## Exercise
Between the line containing "Верес О. М." and the line containing "Nachdem wir unseren" lies a run of lines; give that run again exactly, with both of those lines, and nothing else from the entries below.

## Information given
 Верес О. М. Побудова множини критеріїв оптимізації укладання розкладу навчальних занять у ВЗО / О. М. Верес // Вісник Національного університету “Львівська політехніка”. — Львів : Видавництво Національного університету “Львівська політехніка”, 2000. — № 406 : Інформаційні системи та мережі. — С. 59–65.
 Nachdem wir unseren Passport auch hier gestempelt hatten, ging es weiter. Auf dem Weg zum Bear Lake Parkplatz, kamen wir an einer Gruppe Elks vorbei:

==

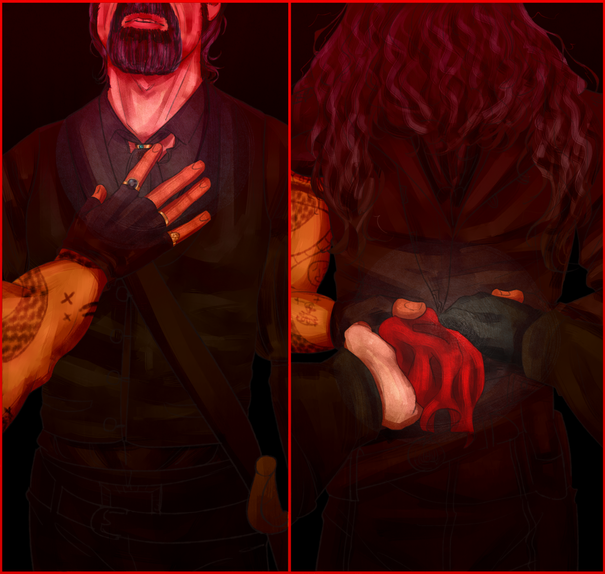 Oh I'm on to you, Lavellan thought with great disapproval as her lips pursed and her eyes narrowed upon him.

* * *

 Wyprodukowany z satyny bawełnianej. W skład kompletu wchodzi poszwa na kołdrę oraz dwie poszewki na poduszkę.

## Your response
 Верес О. М. Побудова множини критеріїв оптимізації укладання розкладу навчальних занять у ВЗО / О. М. Верес // Вісник Національного університету “Львівська політехніка”. — Львів : Видавництво Національного університету “Львівська політехніка”, 2000. — № 406 : Інформаційні системи та мережі. — С. 59–65.
 Nachdem wir unseren Passport auch hier gestempelt hatten, ging es weiter. Auf dem Weg zum Bear Lake Parkplatz, kamen wir an einer Gruppe Elks vorbei:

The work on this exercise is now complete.